Look to your left and you will spot a striking white plaster building with a massive dark sloping roof, corner turrets topped with green copper spires, and an ornate stone coat of arms set right into the facade.
Welcome to the Bomann Museum. Now, I know what you might be thinking. This building is a lot to take in. It looks like a medieval fortress, a grand townhouse, and a traditional timber framed home all crashed into each other at a very polite speed. And honestly... that is exactly the point.
Back between 1903 and 1907, the architect Alfred Sasse and the museum's founder Wilhelm Bomann decided to make the building itself an exhibit. They intentionally smashed together different historical styles, from Gothic pointed arches to grand Renaissance flourishes, aiming to create this educational, picturesque collage of architecture. Not everyone was a fan right away. The famous local writer Hermann Löns famously mocked it as a true architecture pudding. Pull out your phone for a second and take a look at the screen. You can see exactly what Löns meant in this window detail, where different historical building traditions are stacked like layers in a rather chaotic cake.

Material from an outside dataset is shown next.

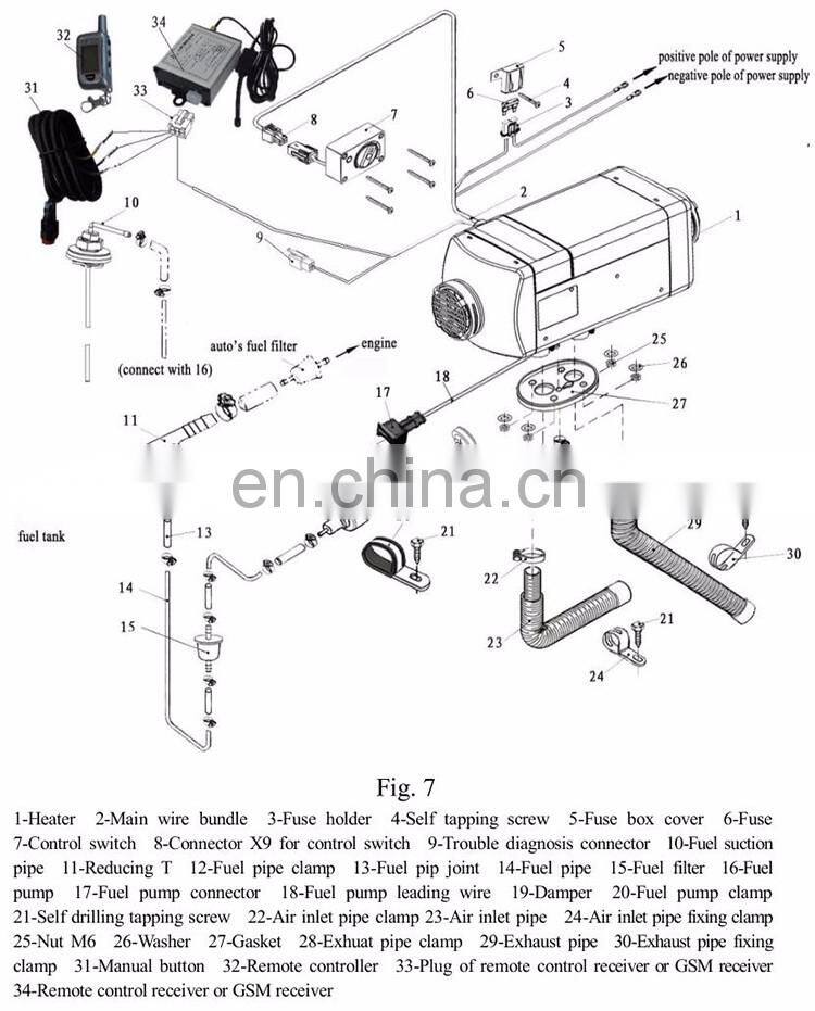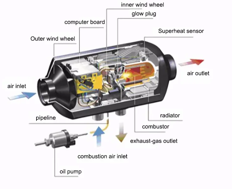 The heating system uses diesel or gas as fuel. After heating the cooling liquid of the engine, the forced-circulation water pump circulate in the car's water way, preheats the engine and reduces the attrition, achieves the purpose of eliminating the frost and warming the compartment.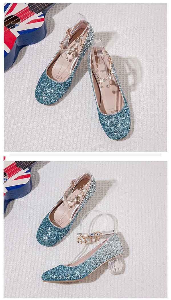 パンプス キラキラ ヒール4.5cm 太いヒール チャンキーヒール アーモンドトゥ ストラップ アンクルストラップ 上品 ゴージャス 結婚式 ピアノ 発表会 綺麗め パーティー シューズ 女の子 靴 イベント 謝恩会 演奏会 演出 小さいサイズ 20.0〜24.5 ピンク ゴールド ブラック ブルー di208g5g5c9

But that eccentric exterior holds one of the largest city museums in all of Lower Saxony. And the surprises do not stop at the front door. When they built this place, they literally constructed the ground floor around a massive, authentic farmhouse from the year 1571. It is a traditional Hallenhaus, which is a classic Lower German hall house where the living quarters, the open fire kitchen, and the animal stalls were all gathered under one gigantic roof. You step out of a modern museum corridor and suddenly you are standing in a sixteenth century kitchen.

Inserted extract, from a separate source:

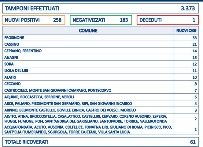 Il Covid non fa sconti neppure a Natale. Sempre alti, anche se un po’ meno di ieri, i numeri contenuti nel bollettino della Asl di Frosinone diffuso poco fa. Nelle ultime 24 ore sono stati 258 i nuovi casi positivi (ieri 290) a fronte di 3.373 tamponi (ieri 2.360). 183 i guariti (ieri 94) e 61 gli “attualmente ricoverati” (ieri 65). Registrato un decesso: un uomo di 71 anni residente a Morolo con pregresse patologie e non vaccinato. Fra i comuni spicca ancora quale maglia nera Frosinone con 33 nuovi contagi seguito da Cassino con 21 e Ceprano e Ferentino con 14.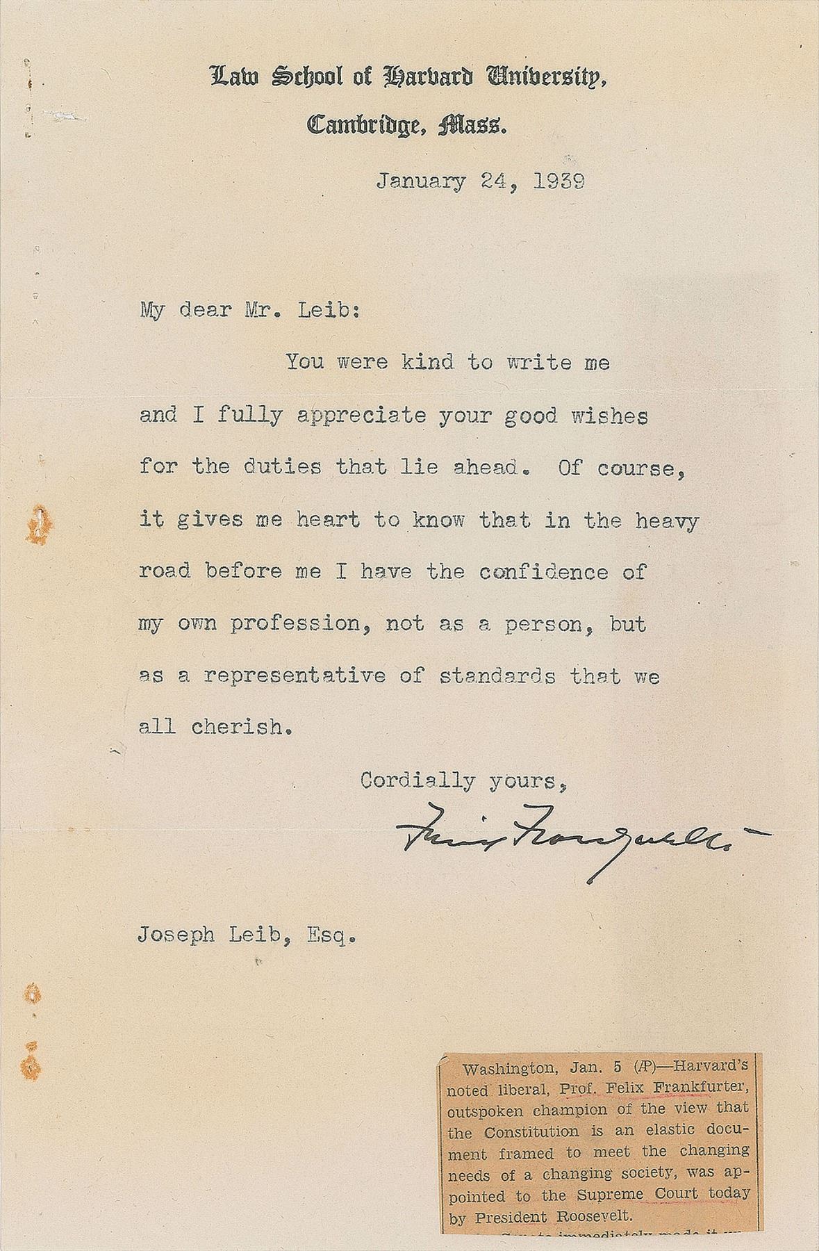 TLS, one page, 5.25 x 8, Law School of Harvard University letterhead, January 24, 1939. Letter to journalist Joseph Leib, in full: "You were kind to write me and I fully appreciate your good wishes for the duties that lie ahead. Of course, it gives me heart to know that in the heavy road before me I have the confidence of my own profession, not as a person, but as a representative of standards that we all cherish." A newspaper clipping is affixed to the lower right corner. In fine condition, with stale holes along the left edge, and light show-through from a clipping attached to the back. President Franklin D. Roosevelt nominated Frankfurter on January 5, 1939, to fill the seat on the Supreme Court vacated by Benjamin Cardozo. Frankfurter was one of the first nominees to appear at a hearing of the Senate Judiciary Committee and he was approved by the full Senate on January 17, 1939.

It is a place that impressed some pretty high profile guests. The German Emperor, Kaiser Wilhelm the Second, visited shortly after it opened and ended up donating a monumental battle painting that still hangs in the military honor hall today.

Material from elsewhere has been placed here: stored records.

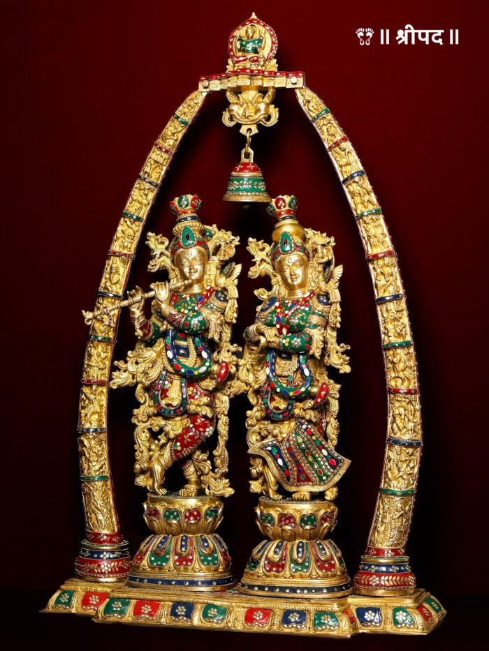 Radha-Krishna Statues Within an Aureole Engraved with Krishnaleela | 45-Inch | Brash with Inlay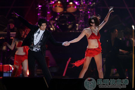 周杰伦与女Dance大跳热舞。记者 李振宇/摄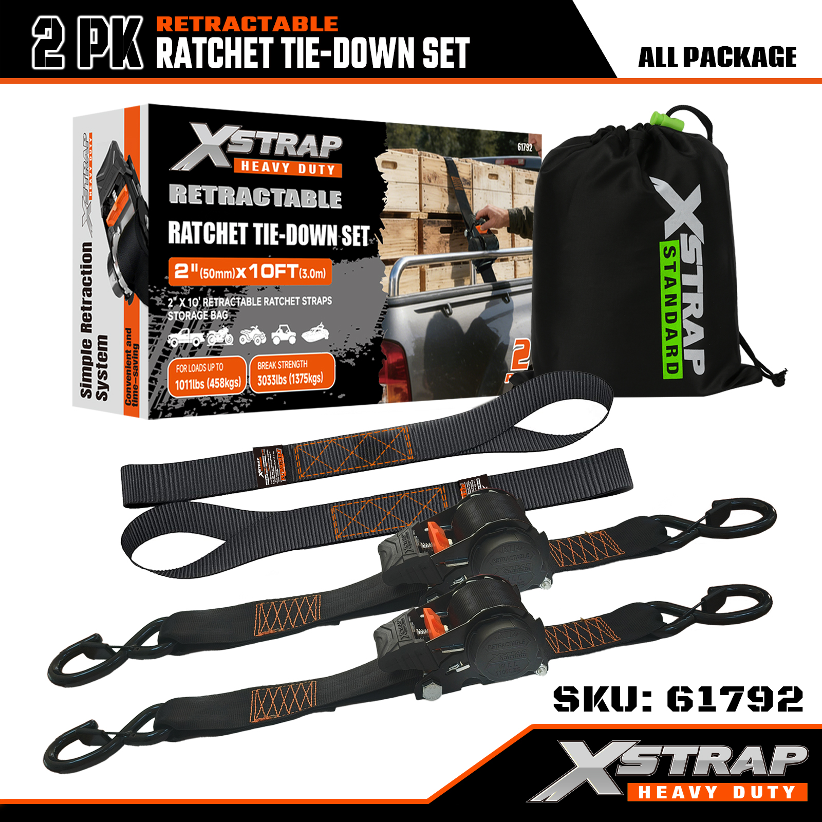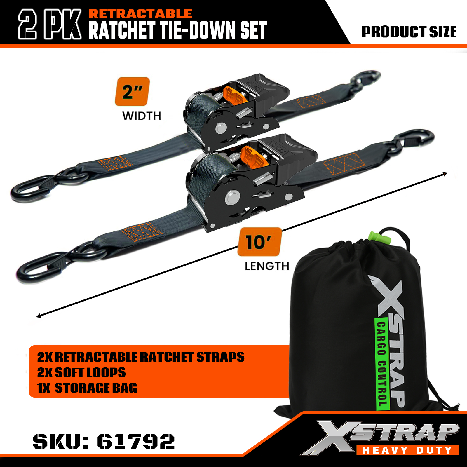 Xstrap 2PK visszahúzható racsnis rögzítőkészlet biztonsági S horgokkal, 2” x 10” poliészter rögzítőszíj racsnis heveder, 1011 font teherbírású rakományrögzítő rögzítő hevederek biztonsági S horgokkal teherautóhoz, rakomány utánfutóhoz, motorkerékpárhoz.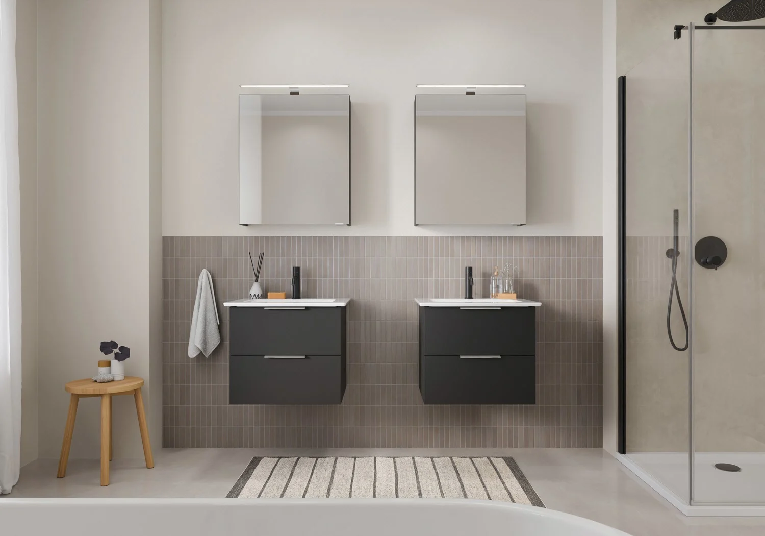 Flexibel. Passgenau. Stilvoll. – Die Badkollektion, die sich Ihrem Waschtisch anpasst!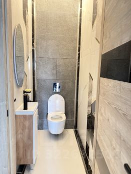 Квартира — двухкомнатная, с авторским дизайнерским ремонтом, в котором смелое смешение стилей и материалов превращает пространство в живое и выразительное. Два санузла — гостевой и хозяйский — оформлены с вниманием к деталям и оснащены сантехникой Grohe, в хозяйском санузле есть мини спа зона с изливом. Компактная, но функциональная кухня с каменной столешницей оборудована всей необходимой техникой: варочная панель, посудомоечная машина, холодильник и стиральная машина.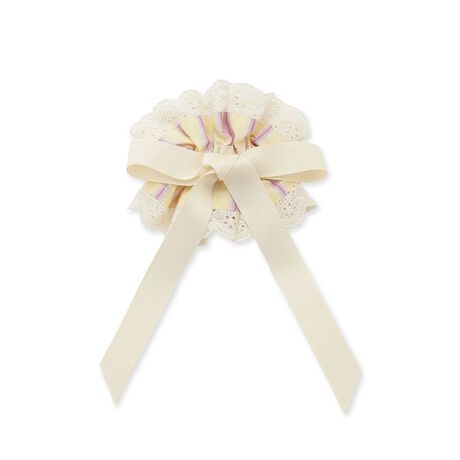 大胆に揺れるリボンが目を惹く、存在感たっぷりのシュシュ。ブラックとホワイトにはコットンレース、イエローにはストライプ、ブルーにはチェック柄を採用し、春らしい軽やかなカラー展開に仕上げました。内側にはゴムを内蔵しているため、髪をまとめてからシュシュ本体を被せることで、より美しいシルエットで着用が可能。アップスタイルにもハーフアップにも映える、着こなしのアクセントにぴったりなアイテムです。

While you are looking at the building, check your app again. This image shows a close up of the incredibly detailed coat of arms of the City of Celle mounted right on the corner of the museum. It is just one more ingredient in Sasse's architecture pudding.

Today, the museum houses everything from ancient archaeological finds to the Tansey collection, which is one of the most important collections of portrait miniatures in the world. These tiny, exquisite paintings from the Baroque and Rococo eras were painstakingly painted on vellum and ivory, capturing the faces of European nobility in microscopic detail.
If you want to explore the architecture pudding for yourself, the museum is closed on Mondays but open every other day of the week from eleven in the morning until five in the evening.
Feel free to admire these wild architectural layers before heading to our next destination.